Minimize Number of Boolean Formulas that Evaluate to True

I'm interested in a MinSat variant: given a list of boolean formulas like

example1 = {a[1] ⊻ a[3] ⊻ a[4] ⊻ a[6] ⊻ a[10],  a[3] ⊻ a[4] ⊻ a[5] ⊻ a[6] ⊻ a[7],  a[3] ⊻ a[5] ⊻ a[8]}
example2 = {a[1] ⊻ a[2], a[2] ⊻ a[6] ⊻ a[10],  a[2] ⊻ a[9],  !(a[6] ⊻ a[9])}


find an assignment to the a[i] that minimizes the total number of formulas in the list that evaluate to True.

More information: The formulas all look like Xor[..., ..., ...] or Not@Xor[..., ..., ...]. The number of variables and clauses is not fixed; code to create samples of this form is

genexample[m_Integer, n_Integer] := Xor @@@ Table[
({True}~Join~Table[a[i], {i, 1, n}]) RandomChoice[{.8, .2} -> {0, 1}, n + 1] // Total,
{m}
] // DeleteCases[_Integer|True|False]


My own crude way of solving this so far is using NMinimize, in the following fashion:

jossolver[example_]:=Module[{alg},
(* translate to a list of algebraic expressions *)
alg = example /. {Xor -> f, Not -> g} //. {g[sth_] :> 1 + sth,
f[sth__] :> Total@{sth}};

(* minimize sum of terms, each taken modulo 2 *)
NMinimize[
Total@(Mod[#, 2] & /@ alg),
ReduceFreeVariables[alg] \[Element] Integers,
Method -> "SimulatedAnnealing"
] /. Rule[var_, val_] :> (var -> Mod[val, 2])
]


This is of course neither optimized, nor elegant, nor something that works well for large m and n; it might not even find the global minimum. It works reasonably ok for, say, n=m=20, but if possible I'd like to solve such instances for m=n=100 or even larger within a few seconds (or faster?).

Approximate solutions (such as mine) are not ideal, but ok.

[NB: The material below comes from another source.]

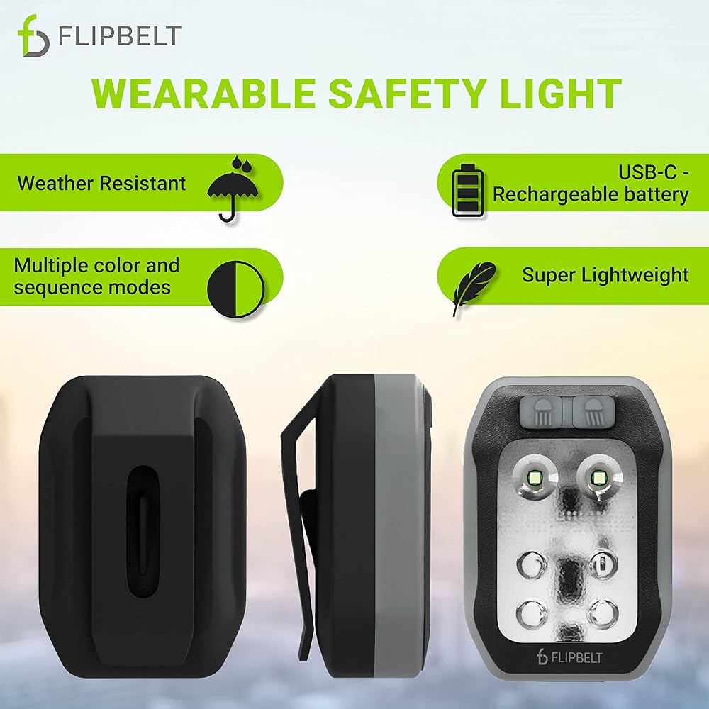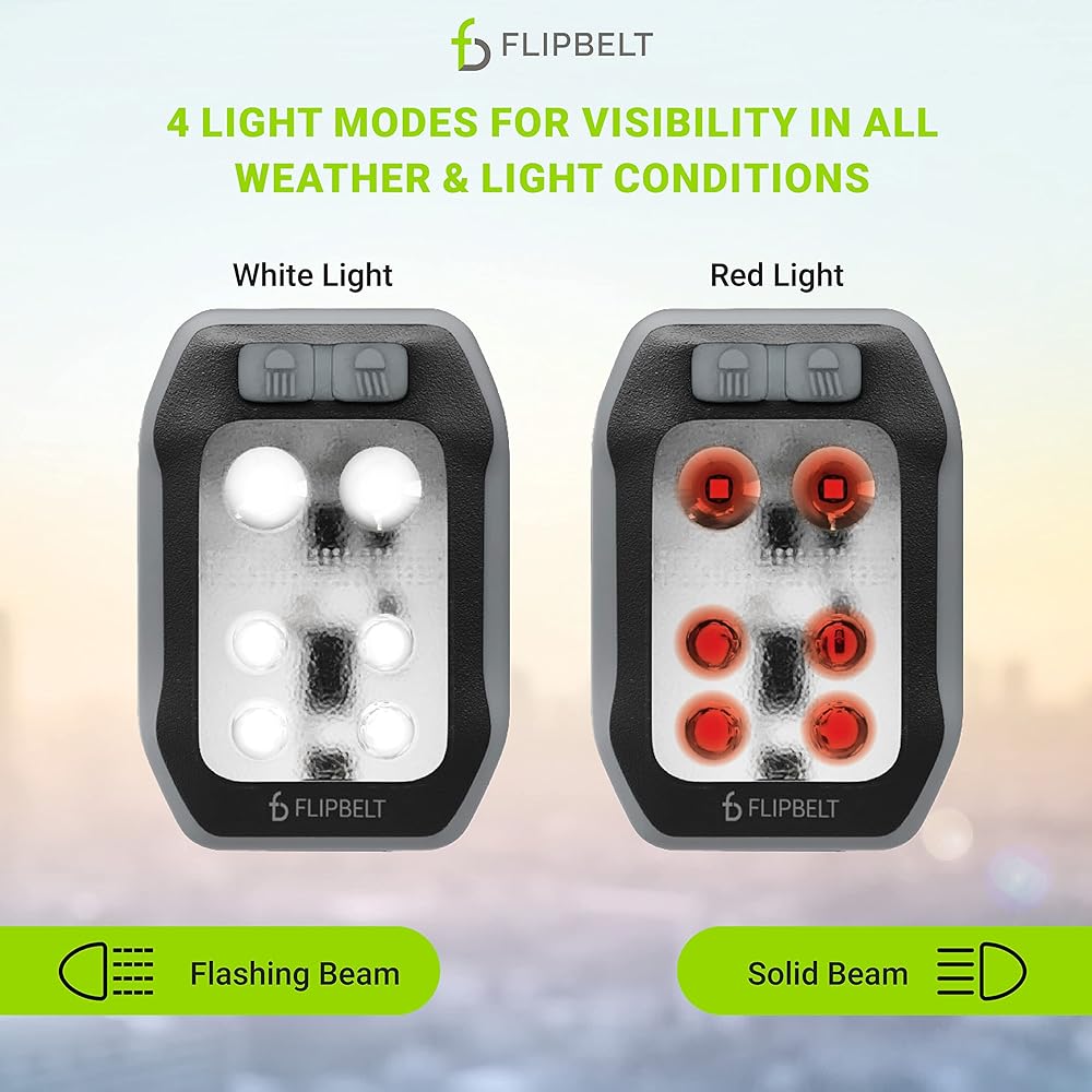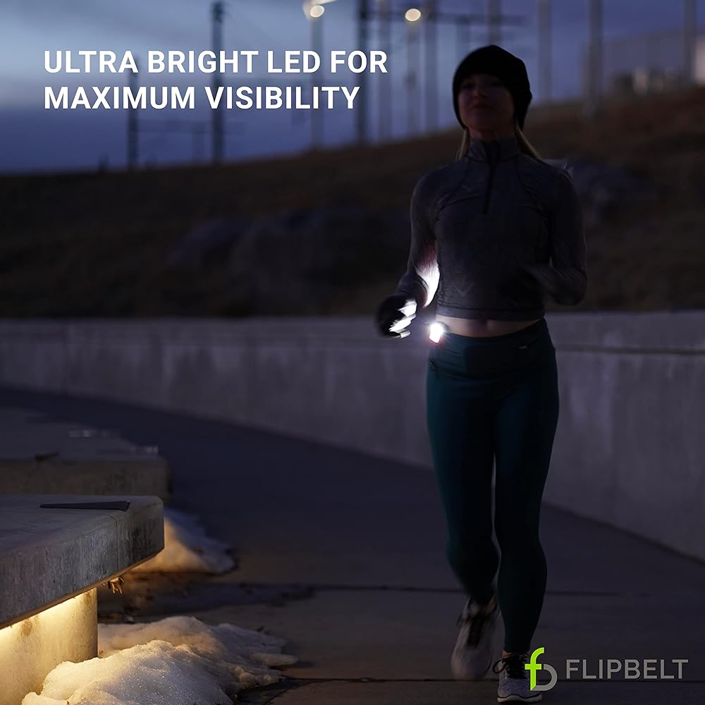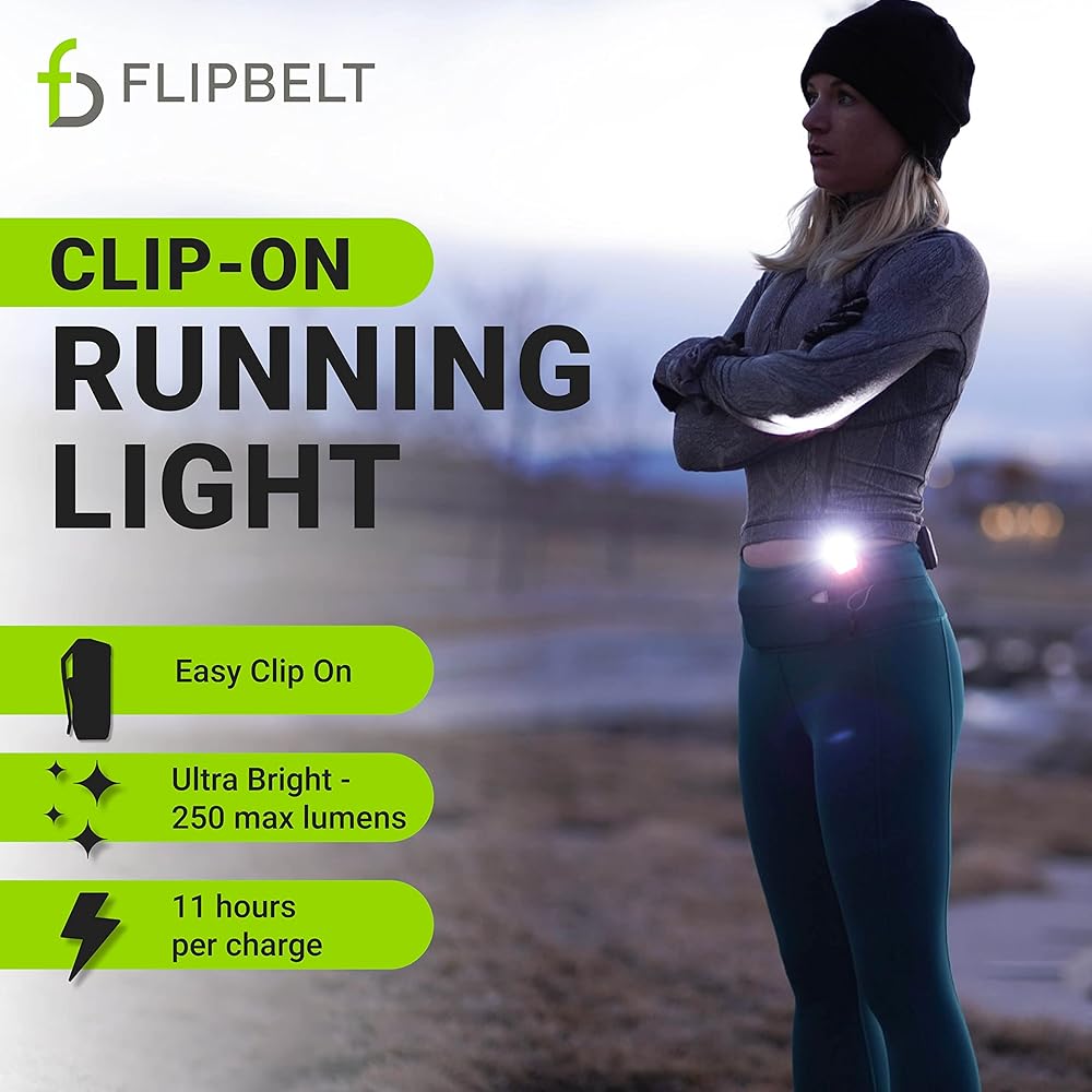 FlipBelt Clip On LED Running Light for Men and Women, Hands Free Safety Flashlight for Running, Biking, Hiking, Portable and Rechargeable Night Running Gear

"Fast" is of course subjective; I'm just interested in a solution that's faster than what I tried. I realize of course that this problem is NP hard, but that doesn't mean one cannot solve small instances reasonably quickly. On my machine I get

Table[First@AbsoluteTiming[jossolver[genexample[20, 20]]], {20}] // MeanAround
(* == 1.376 ± 0.013 *)


I'm grateful for any attempts!

• It works for me for Table[First@AbsoluteTiming[jossolver[genexample[100, 100]]], {20}], outputting {15.8332, 14.9384, 14.5264, 14.6845, 14.5709, 14.5643, 14.7029, 14.6103, 14.6754, 14.5772, 14.6466, 14.6076, 14.5993, 14.6325, 14.7242, 14.7133, 14.7002, 15.6228, 14.9258, 14.6775} if Method-> "SimulatedAnnealing" is replaced by Method->"DifferentialEvolution". – user64494 Feb 24 at 8:54
• Indeed, good point. Swapping out the optimizer seems to yield a speedup; I originally used SimulatedAnnealing since it didn't complain about non-convergence within the specified number of iterations. – J Bausch Feb 24 at 11:28

Replacing the NMinimize part of you code by

NMinimize[Total@(Mod[#, 2] & /@ alg),
ReduceFreeVariables[alg] \[Element] Integers, Method -> "DifferentialEvolution",
PrecisionGoal -> 2, AccuracyGoal -> 2, MaxIterations -> 200]


and executing

Table[First@AbsoluteTiming[jossolver[genexample[100, 100]]], {20}]//MeanAround


, I obtain

15.16[PlusMinus]0.13

and several warnings. It is difficult to improve your little commented code (A good code is a commented code.).